C:\<path>\input_err.xml -> C:\<path>\AppData\Local\Temp\input_err.xml: The process cannot access the file because it is being used by another process.

used command line (I use Eclipse) :

java ... -Djaxp.debug=1 -Dfile.encoding=UTF-8 -classpath <...> com.sample.xslt.application.XsltApplicationSample C:\<path>\transform.xsl C:\<path>\input_err.xml

used pom.xml:

<project xmlns="http://maven.apache.org/POM/4.0.0" xmlns:xsi="http://www.w3.org/2001/XMLSchema-instance"
    xsi:schemaLocation="http://maven.apache.org/POM/4.0.0 http://maven.apache.org/xsd/maven-4.0.0.xsd">
    <modelVersion>4.0.0</modelVersion>
    <groupId>com.sample</groupId>
    <artifactId>XsltExampleProject</artifactId>
    <version>1.0.0-SNAPSHOT</version>

    <name>XsltExampleProject</name>
    <description>XSLT example project</description>

    <dependencies>
        <dependency>
            <groupId>net.sf.saxon</groupId>
            <artifactId>Saxon-HE</artifactId>
            <version>9.7.0-7</version>
        </dependency>

        <dependency>
            <groupId>commons-io</groupId>
            <artifactId>commons-io</artifactId>
            <version>2.5</version>
        </dependency>

        <dependency>
            <groupId>org.apache.commons</groupId>
            <artifactId>commons-lang3</artifactId>
            <version>3.2.1</version>
        </dependency>
    </dependencies>

    <build>
        <sourceDirectory>src</sourceDirectory>
        <plugins>
            <plugin>
                <artifactId>maven-compiler-plugin</artifactId>
                <version>3.3</version>
                <configuration>
                    <source>1.8</source>
                    <target>1.8</target>
                    <encoding>UTF-8</encoding>
                </configuration>
            </plugin>
        </plugins>
    </build>
</project>

The workaround I used is to load xml input file's content in memory as String, see following :

String xmlContent = FileUtils.readFileToString(new File(xmlFilePath), StandardCharsets.UTF_8);

Source xslSource = new StreamSource(new File(xslFilePath));
Source xmlSource = new StreamSource(new StringReader(xmlContent));

Do I miss something while initializing the Transformer? Default resolved SAX Parser should be overrided to another API recommended by Saxon?
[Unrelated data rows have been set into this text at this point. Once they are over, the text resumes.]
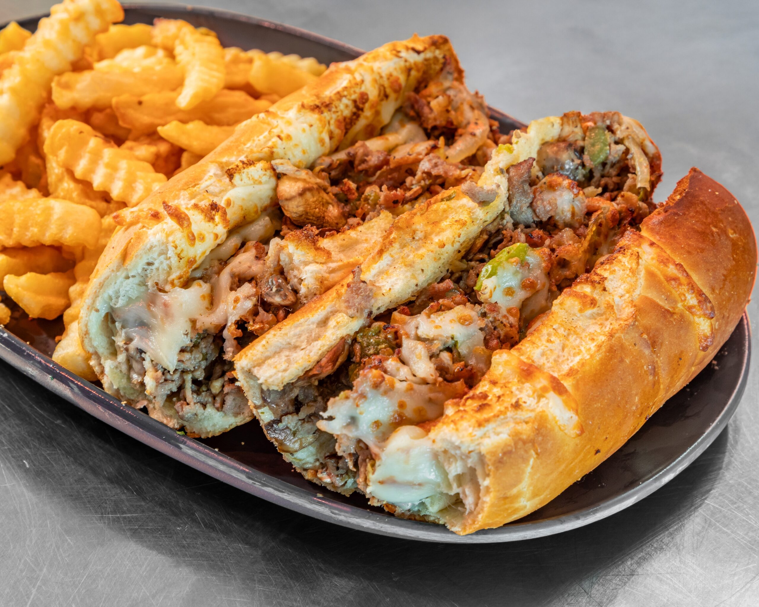 Meatballs, mozzarella cheese, shaved Parmesan, and marinara sauce on 12” Italian hoagie. Served with fries.
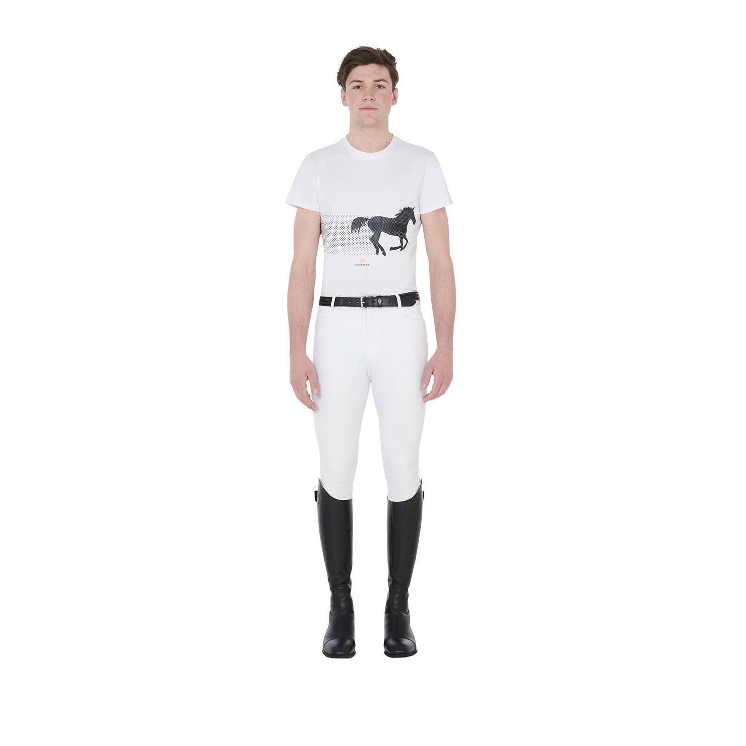 Equestro Men's Slim Fit T-Shirt with Race Horse - White
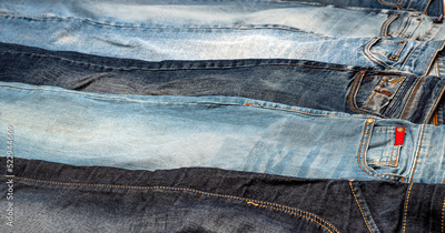 Various blue jeans pants or trousers made of blue-colored denim cloth. Closeup abstract texture cotton fabric for background design. Pair of jeans, pockets, rivets, buttons, seams
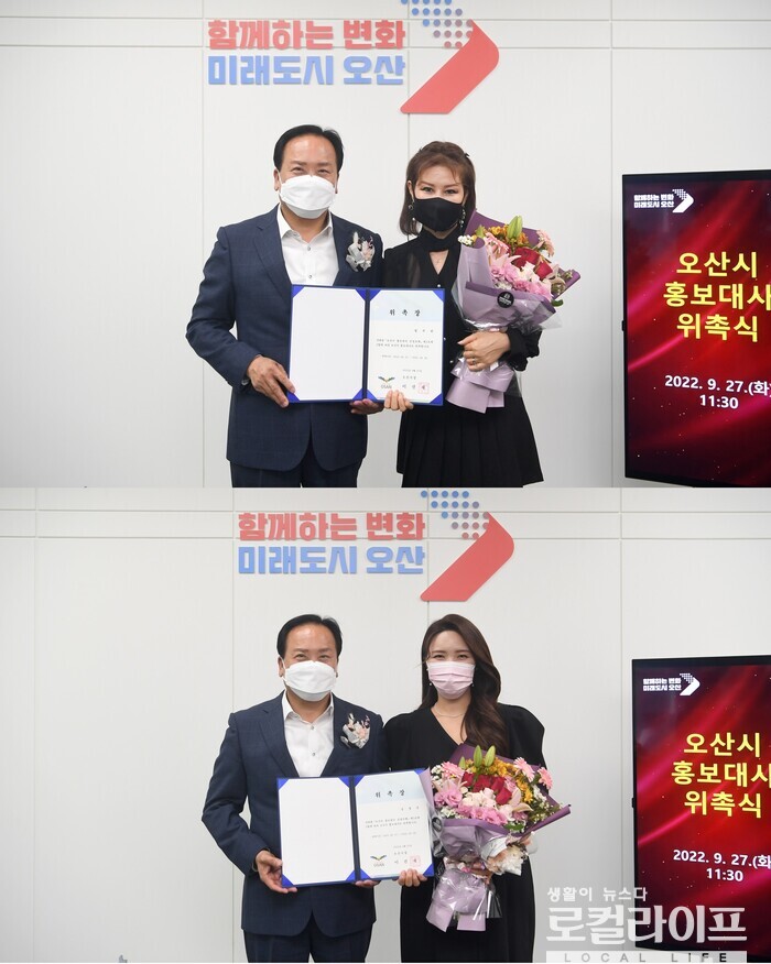 그러면서 “두 분 오산시 홍보대사 위촉을 다시 한번 축하드린다”며 “각자의 분야에서 활발한 활동을 기대하며 또한 적극적인 오산시 홍보활동으로 오산시를 널리 알릴 수 있도록 노력해주길 바라겠다. 고맙다”고 말했다.

I think that Xerces parser is used according to debug logging, but is it fully compatible with the transformer implementation provided by Saxon? I'm a bit confused on this one..

Thanks for your help !


Solution

  • From the comment thread following the question, it appears to be a bug/defect in the XML parser supplied with the JDK. Your options are:

    (a) report the bug and wait very patiently for it to be fixed

    (b) use the Apache Xerces parser instead

    (c) instead of supplying a File, supply a FileInputStream, and close it yourself.

    My recommendation would be (b), since the Apache Xerces parser is much more reliable than the version in the JDK.